The small jib is, I believe, the jib that came with the boat back in the late 1980's. When a new taller mast was put in Ladybug about 10 years ago, this jib was modified slightly and restitched. The sail cloth must be a good one because it is still in very good condition and it holds its shape quite well even when beating in heavier winds or furled in a few rolls. I will repair the worn stitching by hand, using the machine stitched holes and a heavy darning needle and palm to replace the worn stitching with fresh polyester sunbrella thread. This will likely take me a day of labour. I will then re-hoist this as our working jib.

We used the big jib for the passage yesterday and were reminded of its strengths and weaknesses. The passage started in light winds and the speed we were able to make in these put a smile on my face. But that smile disappeared as the wind increased to 10 and then 15 knots on the nose and I had to reef the main. In these winds we would normally use our full small jib, but the boat was just overpowered with the full larger jib. We had more trouble tacking and we had to reef the beast in order to keep the boat at a decent angle of heel. The loads on the roller furler while reefing were substantially more and even though we ran off downwind to do the furling, it was all I could do to haul in the line by hand.

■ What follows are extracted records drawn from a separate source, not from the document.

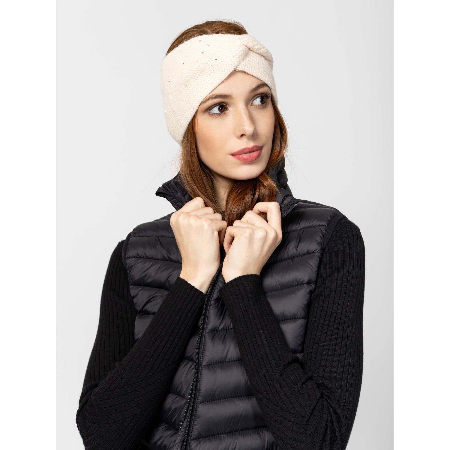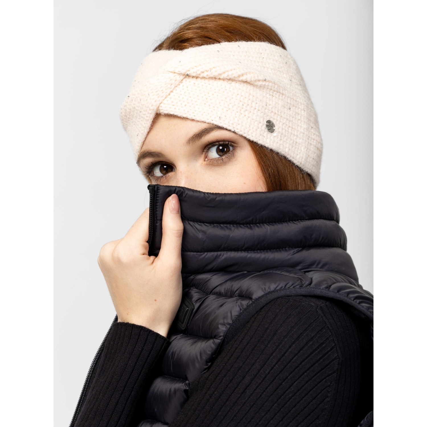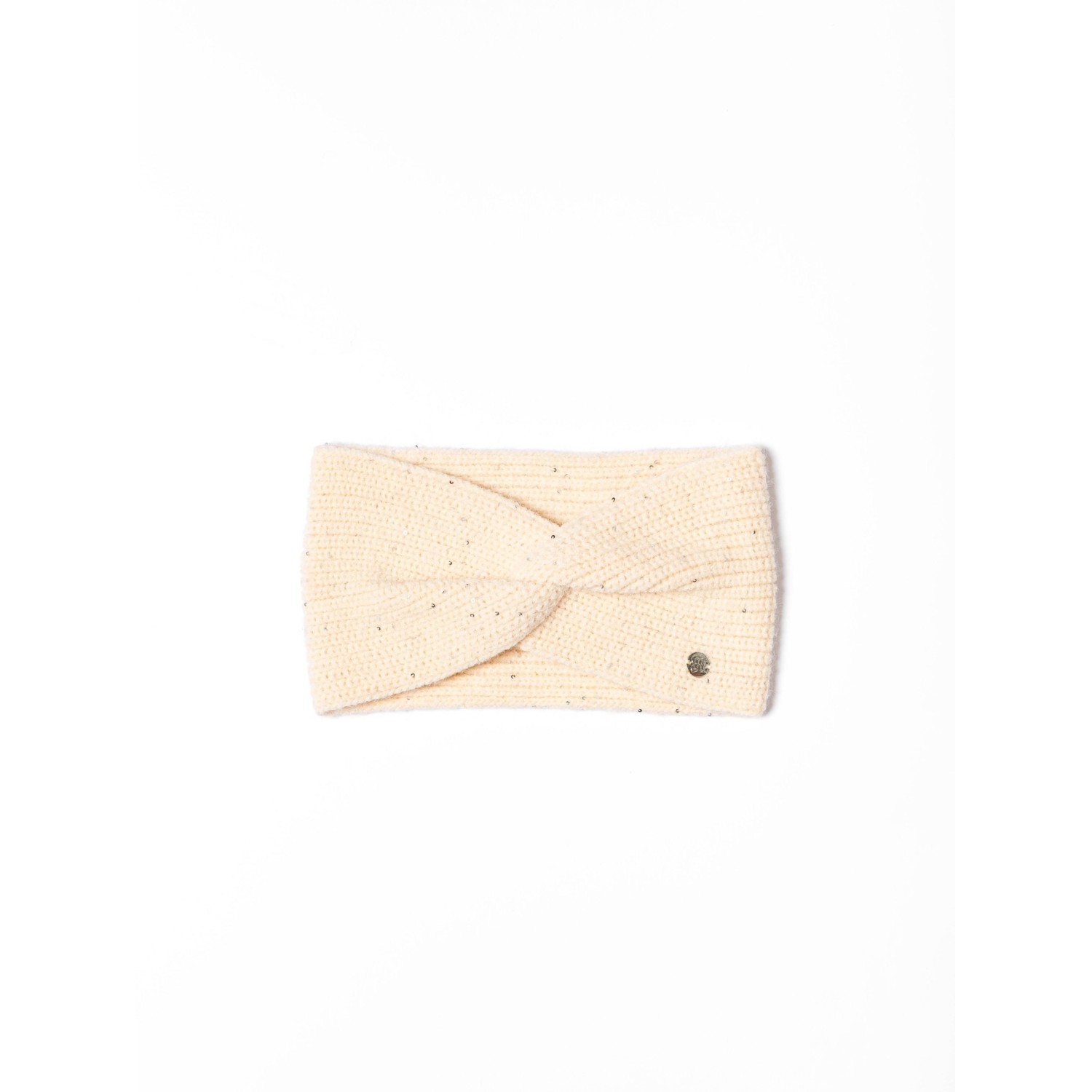 Női bordás kötött fejpánt a hűvösebb napokra, kis fém márkajelzéssel az elején, alap színekben. Anyaga: 40% akril, 32% poliészter, 22% poliamid, 6% strassz.
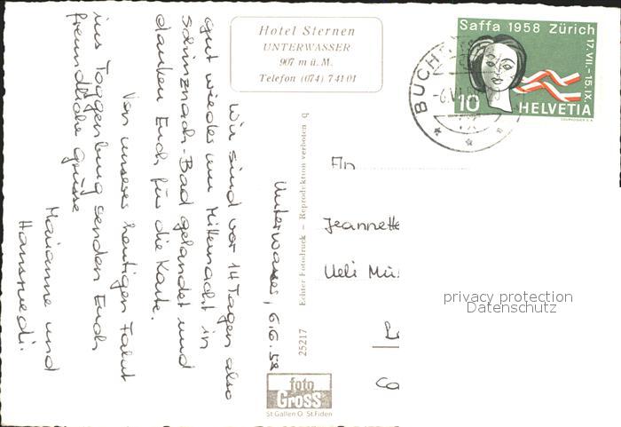 11630906 alte Postkarte Unterwasser Toggenburg Hotel Sternen postalisch gelaufen Erhaltung siehe scans KatCode: 11470190585770
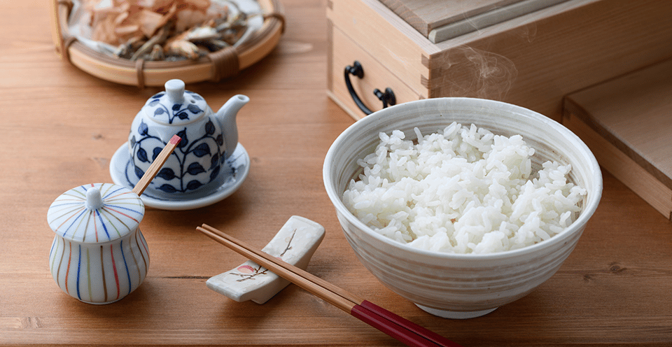 脳はブドウ糖を栄養にして働いています。起きたときはブドウ糖が不足しているため、集中力や記憶力が低下している状態です。 そこで、朝食にごはんを食べることでブドウ糖が補給でき、頭も身体もすっきりした状態でスタートできます。

The reason I am writing this is to suggest that from our admittedly limited experience in cruising in the South Pacific, if you are setting off on a similar cruise, I think you could get away with one modest furling jib in your sail wardrobe - something not too big and cut so it can be roller reefed in heavier winds and still work adequately to windward. The advantages are many - less expense, less storage required below, ease of handling, etc. The only major downside I can see is a small loss of speed in lighter airs.

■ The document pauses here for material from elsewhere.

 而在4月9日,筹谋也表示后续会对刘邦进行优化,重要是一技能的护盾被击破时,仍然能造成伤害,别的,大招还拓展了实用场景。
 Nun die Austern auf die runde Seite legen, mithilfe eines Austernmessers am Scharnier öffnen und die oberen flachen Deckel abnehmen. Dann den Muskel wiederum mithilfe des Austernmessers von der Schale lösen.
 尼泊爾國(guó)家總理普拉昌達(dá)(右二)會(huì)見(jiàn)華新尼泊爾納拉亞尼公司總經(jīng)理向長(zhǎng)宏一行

For very light airs we have a cruising spinnaker and while we rarely use this, I suppose some sort of light air sail makes sense unless you have large fuel tanks and like the sound of your engine. That said, we have used our smaller jib/mainsail combo in very light airs - keeping the sails filled if necessary by pointing more to windward, off our desired course. I think we have used our cruising spinnaker only 5 or 6 times in the last 18 months and most of these uses were on the passage from Mexico to the Marquesas. We might have spent an extra day or two at sea had we not had this sail on board.

Re: storm sails - I have met people who have never used their storm tri-sail or storm jib at all during a circumnavigation and we have never had the storm jib out of its bag except to do a trial hoist. In heavy weather we can put three reefs in the main and heave to or fore-reach. If we need to beat to windward we use a scrap of unfurled jib, which seems to work for us up to about 35 knots. A storm jib would obviously be useful beyond that, but so far, we have found that in the heavy weather we have encountered, we have been offshore with plenty of room to either run off under a scrap of jib or to fore-reach under reduced mainsail alone. So maybe you can save some more money and storage space here.

Many books on cruising advocate an extensive sail wardrobe - at least three jibs, a light air nylon sail or two, and the mainsail. I think if you are on a smaller boat or a more limited budget, you can save the $5000 to $10,000 and spend it on the cruise itself, by going with one good quality roller furling jib and a sturdy three reefed mainsail of similar quality. BTW - if you intend to use an older jib, having it restitched before you leave with good quality UV resistant black thread probably makes sense. The dark colour resists UV better than light and it is easier to see if a stitch has failed on black against white.

1 comment:

Anonymous said...

Hi Chris and Rani
Thanks for your thoughts on sails - interesting and entirely consistent with our experience on Ka'sala.
We sailed almost always with a 118% roller jib and two reef main and I believe our rig is the same height as yours. The 118% jib is our "Swiss Army Knife" and I keep it full until 17 to 20 apparent (to windward) and reef the main for weather helm until we start to heel and fall off. The staysail is useful above 20 ish and a reefed main, staysail and well reefed jib works well to weather in stronger winds (25-30???) at which point it all gets too hard.
Unlike you guys (apparently) We use our drifter a lot and it pulls well right up to a reach. DDW in light winds I will sail with a poled out jib (by the lea) and the drifter on the other side. With this rig the main is down. A LOT of sail but it is manageable if I rig the chute last and first to avoid fouling the jib furler.
I miss not having a third reef in the main as my first is probably equal to your second which means we don't have a quick small reef for dealing with small amounts of weather helm but not de-powering too much.
For in-shore sailing I move my inner forestay back to the forward chainplate (it is just the right length) and sail as a sloop.
Take care you guys. I enjoy your blog and look forward to being where you are in a couple of years.